2024-10-27 –, CLASS #3 - 4C
Language: English
Japanese is reportedly one of the most difficult languages for English speakers to learn.
(FSI language difficulty: https://www.fsi-language-courses.org/blog/fsi-language-difficulty/)
There are many reasons for this, including the fact that there are three types of characters: hiragana, katakana, and kanji, and that words are not separated by spaces.
In this talk, I will first introduce what makes Japanese different from many European languages.
Then I will show how Python and natural language processing libraries can be used to support Japanese language learning.
- Motivation and background (2 min)
- Goal of this talk
- Self introduction (1 min)
- Explan difficult points in Japanese(5 min)

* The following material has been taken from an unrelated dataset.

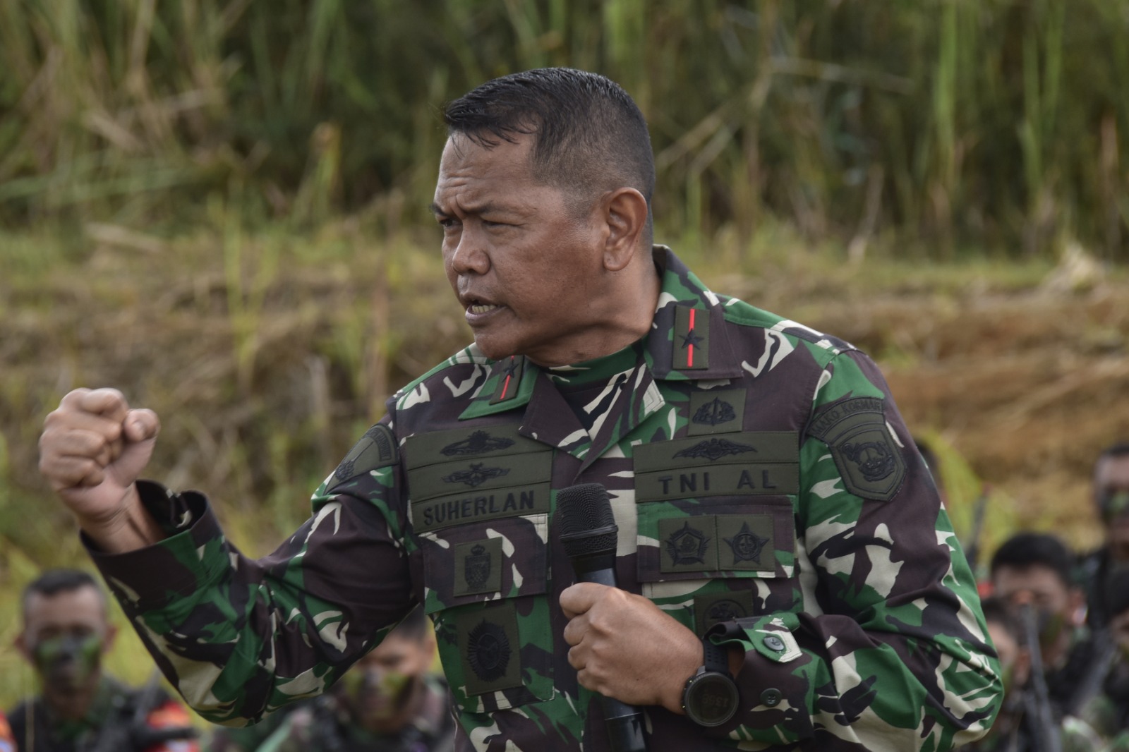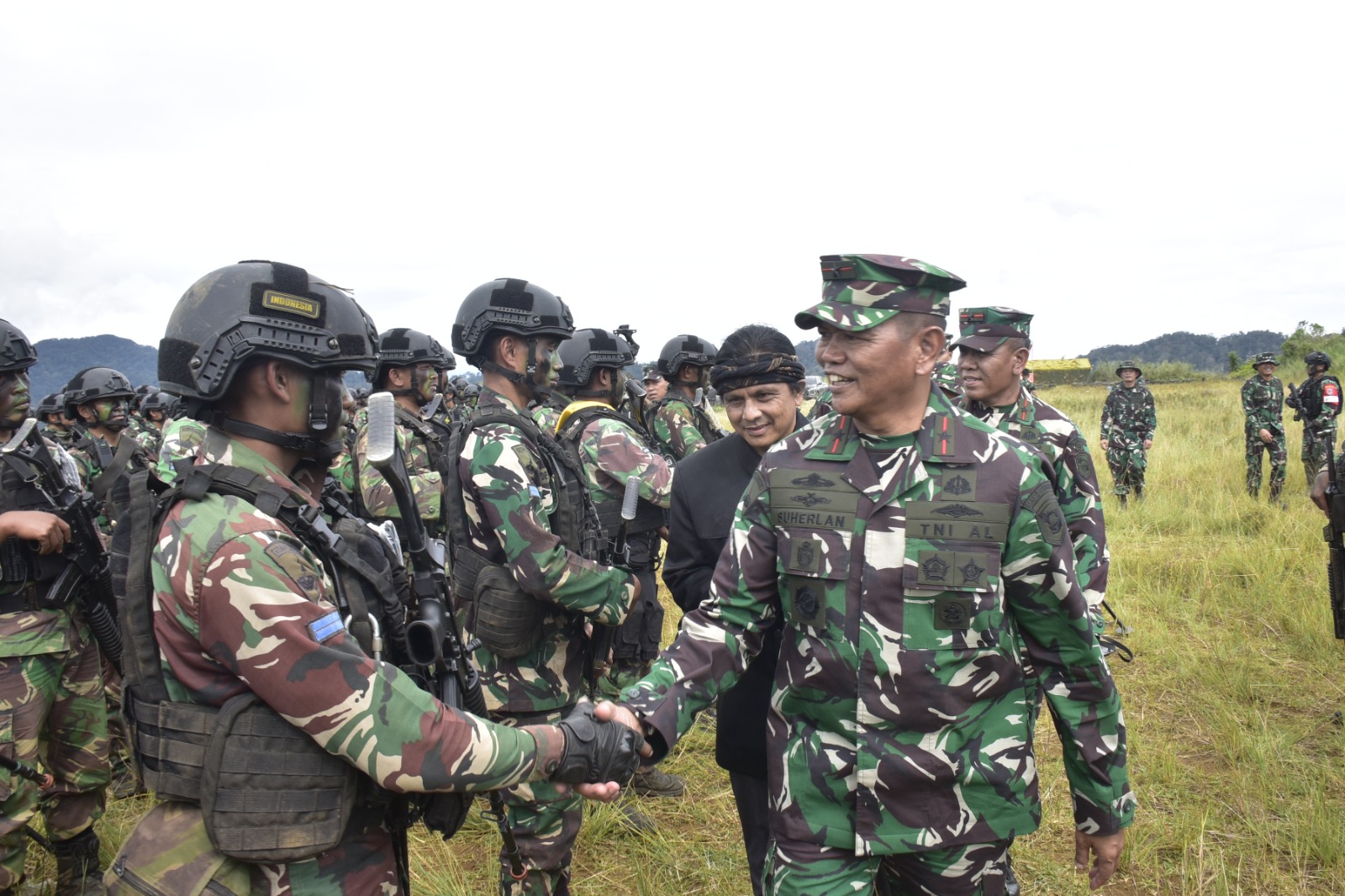 Dispen Kormar, TNI Angkatan Laut (Jakarta). Wakil Komandan Korps Marinir (Wadan Kormar) Brigjen TNI (Mar) Suherlan  meninjau Prajurit Petarung Korps Marinir TNI Angkatan Laut yang sedang melaksanakan Latihan Pratugas Satgas Pamtas Mobile yang digelar di Gunung Halimun, Citalahab Jawa Barat. Minggu (10/03/2024).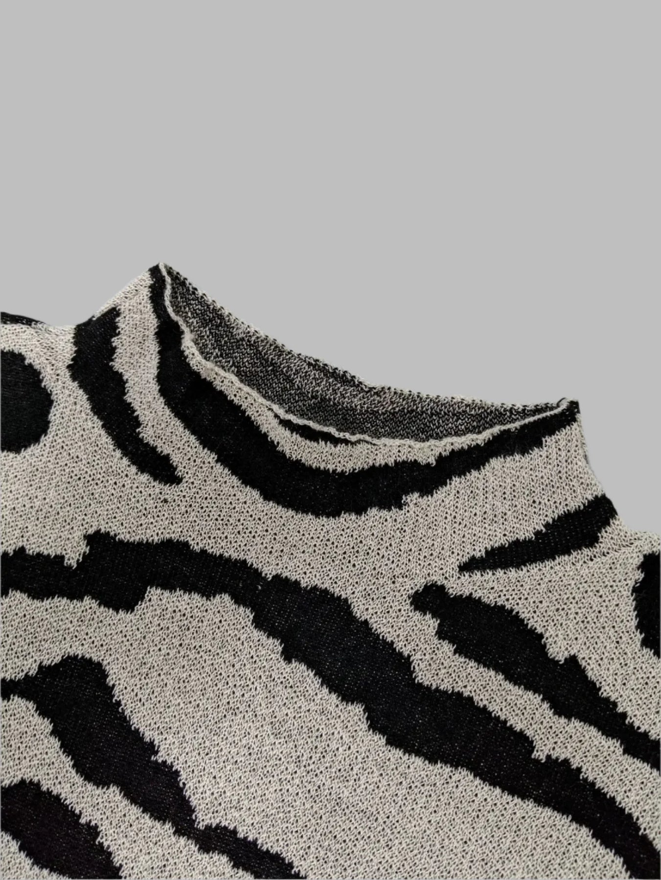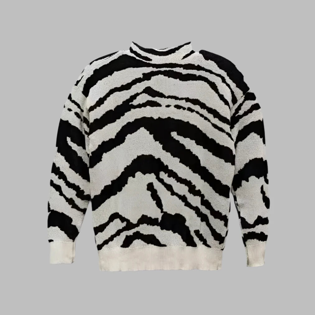 Hülle dich in das mutige, aber elegante Design des Camila Pullovers, bei dem Mode auf Komfort trifft. Dieses locker geschnittene, langärmlige Stück besticht durch ein einzigartiges Zebra-Muster und sorgt für einen trendigen Look, der perfekt für Herbst und Winter ist. Der halbe Rollkragen bietet genau die richtige Menge an Wärme, während du modisch immer einen Schritt voraus bist.

- 3 types of characters: Hiragana, Katakana, and Kanji
- Kanji has various readings
- Reading changes depending on the combination of Kanji characters
- Words are not separated by spaces
- The same sequence of kanji can be used in different contexts
- Kanji have various readings(10 min)
- When the word "日" is used, it means Day
- The most common readings are "Hi" and "Nichi"
- But the reading changes depending on the combination of kanji
- 一月一日(Tsuitachi)は元日(Ganjitsu)で昨日(Kinou)は大晦日(Omisoka)、明日(Ashita)は二日(Futsuka)
- How to get the reading with Python
- Install SudachiPy(Japanese NLTK library)
- Introduction to SudachiPy
- https://github.com/WorksApplications/SudachiPy
- Basic morphological analysis process
- Command line execution
- Running in Python
- Furigana: phonetic guides to read Kanji
- Furigana in Katakana
- Can anyone read katakana?
- Furigana in Hiragana
- Convert Katakana to Hiragana with jaconv
- https://github.com/ikegami-yukino/jaconv
- Furigana in Romaji
- Convert Katakana to Romaji with jaconv
- Read sentences with text-to-speech
- gTTS or Amazon Polly with boto3
- When the word "日" is used, it means Day
- Words are not separated by spaces(5 min)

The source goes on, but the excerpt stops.